### Data to use
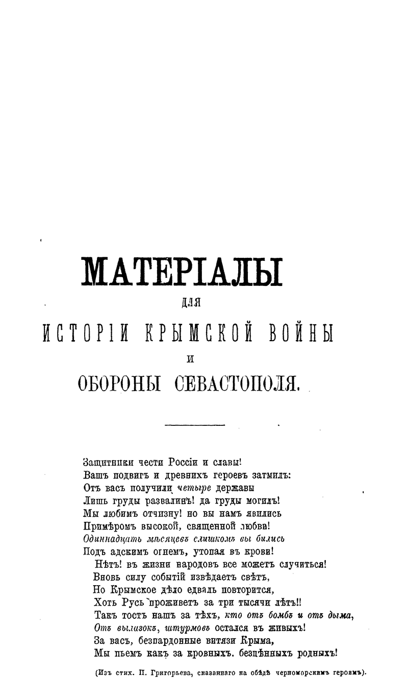 Материалы для истории Крымской войны и обороны Севастополя
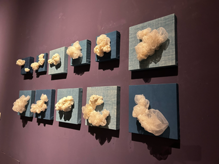 В среду мы ездили в Китайский музей искусств и ремесел. Архитектура там величественная, и очень много экспонатов. Меня больше всего впечатлила вот эта работа. Издали она напоминает туалетную бумагу, но при близости оказывается, что она сделана из марли, которая очень красивая и струящаяся.
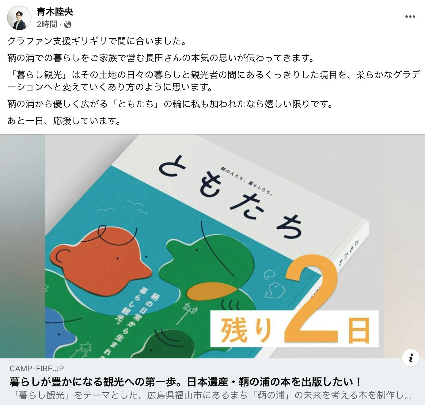 この数日間で多くの方にご支援をいただいていて、書いたブログを読んでくださっているのか、各SNSでプロジェクトページをシェアしてくれました。そこに添えられていた、僕らのプロジェクトに対して受け取った感覚・気持ちの言葉がとても沁みております。本当に嬉しい。ありがとうございます。
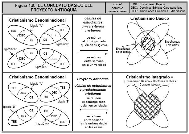 En la sección 2.4 definimos las Doctrinas Bíblicas Características de una iglesia X, como aquellas doctrinas bíblicas que se enseñan exclusivamente en la iglesia X. El concepto del Proyecto Antioquía consiste en extender de dos maneras ese modelo de los estudiantes universitarios de diferentes iglesias, que se reúnen para estudiar el Cristianismo Básico entre semana, sin dejar de asistir a los servicios dominicales de sus propias iglesias. Una de las maneras consiste en no limitar la membrecía solamente a estudiantes universitarios. Sino extenderla para incluir a profesionistas cristianos de diferentes iglesias. Y la otra manera de extender ese modelo consiste en no limitar el estudio bíblico solamente al Cristianismo Básico, sino ampliarlo para incluir también las Doctrinas Bíblicas Características de las diferentes iglesias o versiones del cristianismo. Este concepto se ilustra gráficamente en la Figura 1.9 de la página 21.
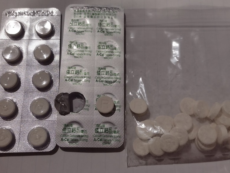 兩種鈣片的合拍圖:左邊是 (鋁箔片裝) vs 右邊的 (小塑膠袋裝) .

### What you need to do
Give the data above again in full and unchanged, skipping the pictures.

### Exercise output
 Материалы для истории Крымской войны и обороны Севастополя
 В среду мы ездили в Китайский музей искусств и ремесел. Архитектура там величественная, и очень много экспонатов. Меня больше всего впечатлила вот эта работа. Издали она напоминает туалетную бумагу, но при близости оказывается, что она сделана из марли, которая очень красивая и струящаяся.
 この数日間で多くの方にご支援をいただいていて、書いたブログを読んでくださっているのか、各SNSでプロジェクトページをシェアしてくれました。そこに添えられていた、僕らのプロジェクトに対して受け取った感覚・気持ちの言葉がとても沁みております。本当に嬉しい。ありがとうございます。
 En la sección 2.4 definimos las Doctrinas Bíblicas Características de una iglesia X, como aquellas doctrinas bíblicas que se enseñan exclusivamente en la iglesia X. El concepto del Proyecto Antioquía consiste en extender de dos maneras ese modelo de los estudiantes universitarios de diferentes iglesias, que se reúnen para estudiar el Cristianismo Básico entre semana, sin dejar de asistir a los servicios dominicales de sus propias iglesias. Una de las maneras consiste en no limitar la membrecía solamente a estudiantes universitarios. Sino extenderla para incluir a profesionistas cristianos de diferentes iglesias. Y la otra manera de extender ese modelo consiste en no limitar el estudio bíblico solamente al Cristianismo Básico, sino ampliarlo para incluir también las Doctrinas Bíblicas Características de las diferentes iglesias o versiones del cristianismo. Este concepto se ilustra gráficamente en la Figura 1.9 de la página 21.
 兩種鈣片的合拍圖:左邊是 (鋁箔片裝) vs 右邊的 (小塑膠袋裝) .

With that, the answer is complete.